TALLINN - The number of COVID-19 patients in need of hospital treatment is growing every day, and in addition to the fact that hospitals have to increase their coronavirus treatment capacity again, they are also struggling with staff shortages, the Estonian daily Postimees writes.
Medical chief at the Health Board's crisis management headquarters Urmas Sule said that at present, he does not see any indicator that would stabilize the state of hospital treatment of COVID-19 patients. "In recent days, we have seen a clear increase in the need for COVID-19 hospitalization. The fact that the infection rates are high and that the infection has reached the elderly and the residents of care homes does not give hope either. In the case of hospitals, we are rather prepared for the situation to deteriorate," Sule said.

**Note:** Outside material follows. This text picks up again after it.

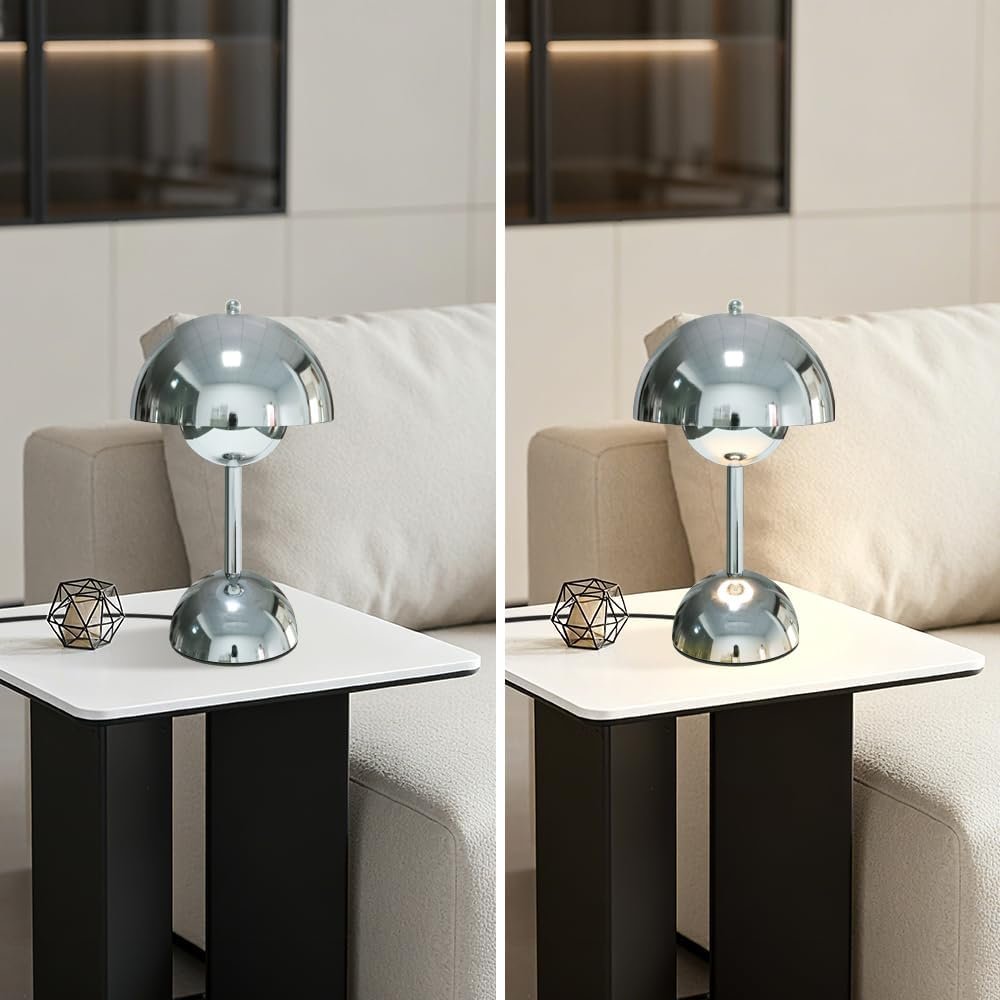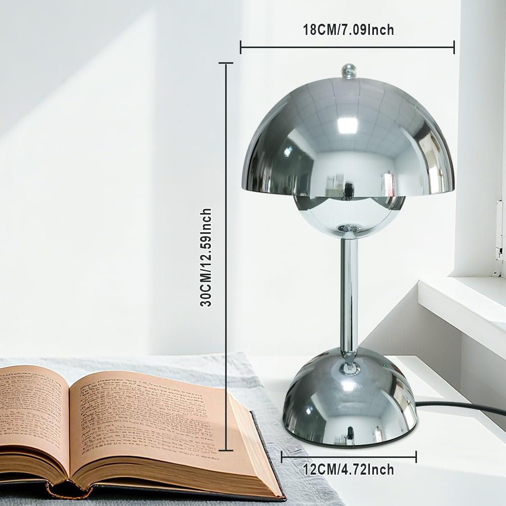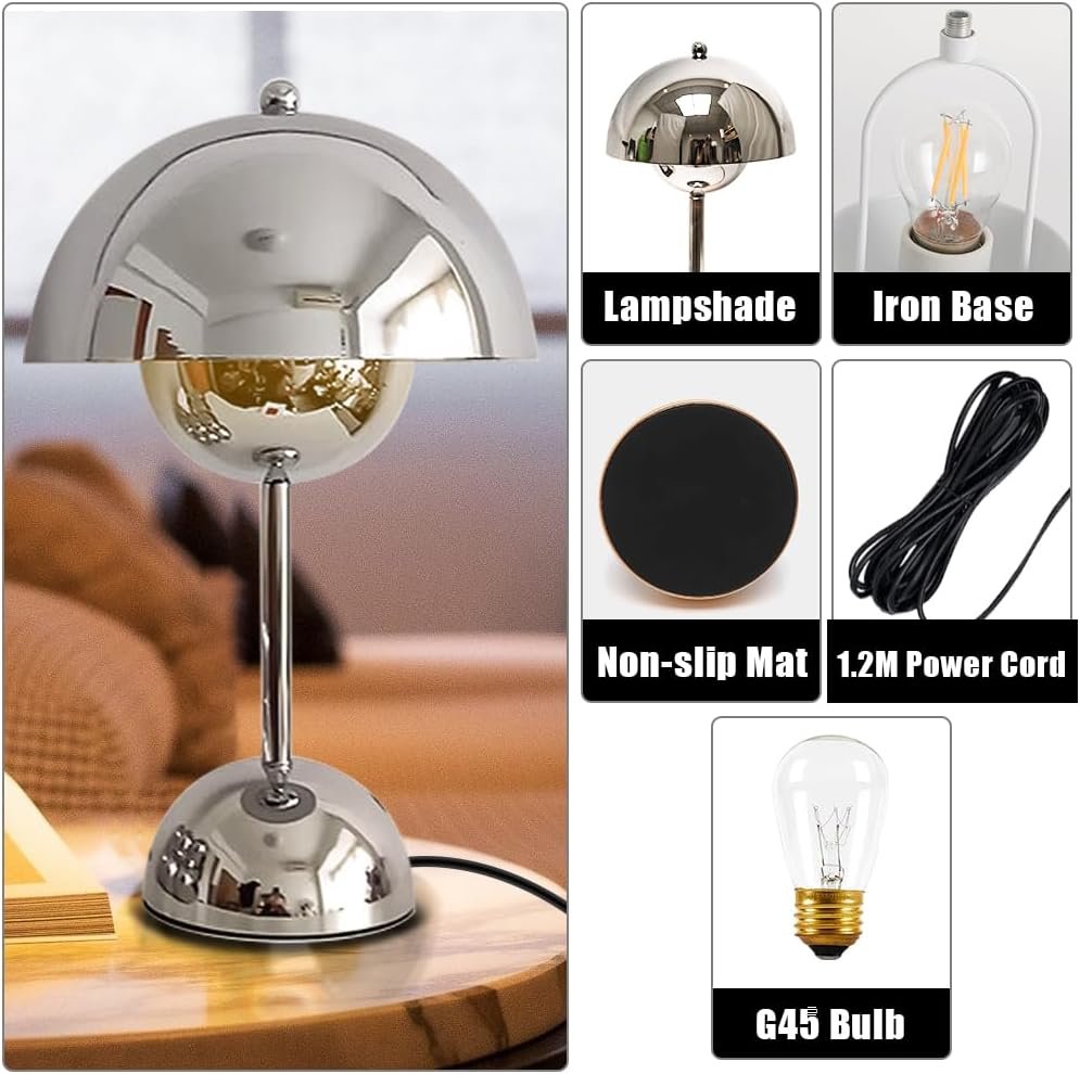 LÁMPARA DE MESA ESTÉTICA MODERNA: La forma de la lámpara de cromo se parece a un hongo, muy linda; Y la superficie plateada está pulida y lisa utilizando tecnología de galvanoplastia, haciendo que la lámpara de escritorio sea más elegante y hermosa. Así que puedes tener una lámpara tan moderna, ya sea que la pongas en la sala de estar, comedor, sala de estudio, apartamento o dormitorio universitario, tienda, aula, sala de lectura, hotel, ático; todas son decoraciones perfectas y accesorios de iluminación. Atenuación táctil: función de atenuación de 3 vías, alto/medio/bajo, 3 niveles de brillo se pueden convertir tocando suavemente la base de la lámpara. Proporciona diferentes niveles de brillo para satisfacer los requisitos de iluminación en la vida diaria; El descanso nocturno puede elegir un brillo bajo, como pequeña luz nocturna; elige un brillo medio o alto para el trabajo o el estudio. El difusor de la lámpara de escritorio tiene una forma semiesférica que rodea la bombilla en su totalidad, por lo que la lámpara de escritorio emite luz hacia abajo, lo que puede proteger eficazmente los ojos. FOCO LED: Esta lámpara de luz cálida incluye un pequeño foco regulable G45, por lo que no necesita comprar un foco nuevamente; 3000K, foco de luz cálida, cabezal de lámpara E26; Y está instalado, solo siga las instrucciones para ensamblar la lámpara de escritorio, conéctelo y ya puede usarlo. Nota: Esta lámpara de escritorio solo puede usar bombillas regulables G45, ¡así que no instales bombillas no regulables para su uso! PEQUEÑA LÁMPARA DE ESCRITORIO: altura de la lámpara 30cm (30,0 cm), diámetro de la base 12cm (12,0 cm), diámetro de la pantalla de la lámpara 18cm (18,0 cm); Por lo tanto, esta lámpara de escritorio es muy compacta, adecuada para uso en mesitas de noche y gabinetes, y no ocupa mucho espacio; El cable de alimentación es de aproximadamente 1M o más, por lo que es lo suficientemente largo para ser movido a cualquier posición para su uso. Montaje en 3 pasos de la lámpara de escritorio: el montaje es simple y se puede completar en unos minutos: (1) gira y fija el poste de la lámpara al cuerpo de la lámpara, (2) conecta el cable de alimentación y el clip de alimentación de la base, (3) retira la bola de metal fija del marco de la lámpara, instala la pantalla de la lámpara, vuelve a girar y fija la bola de metal fija a la pantalla. (!!! ! Atención: Al conectar los cables del cuerpo de la lámpara, debes aplicar una ligera fuerza para que los clips de conexión se unan firmemente.

When asked if there was a clear limit at which hospitals could operate now, he said no. "Indeed, it is not possible to say such a numerical limit. However, politicians want to show the people where the red line runs," he said, adding that this could be seen indirectly in the risk matrix. "Every hospital has different coping limits, different specialists and doctors, and the course of the disease is different in each county," he said.
While scheduled treatment at the East Tallinn Central Hospital was suspended on Thursday, then according to Sule, other hospitals are not planning it at the moment. The East Tallinn Central Hospital had to make such a decision due to lack of staff and also the increase in the number of COVID-19 patients, Sule said. He added that the hospital now has 59 beds in the first and second intensive care units, six in the third intensive care unit. In addition, the maternity hospital has eight COVID-19 beds and there is one bed in the eye clinic.
Although other hospitals are not yet about to close their scheduled treatment, Sule emphasized that the situation could change in an instant. "While there was one situation last night, it could change drastically the next day, and the hospitals are always ready for that," he said.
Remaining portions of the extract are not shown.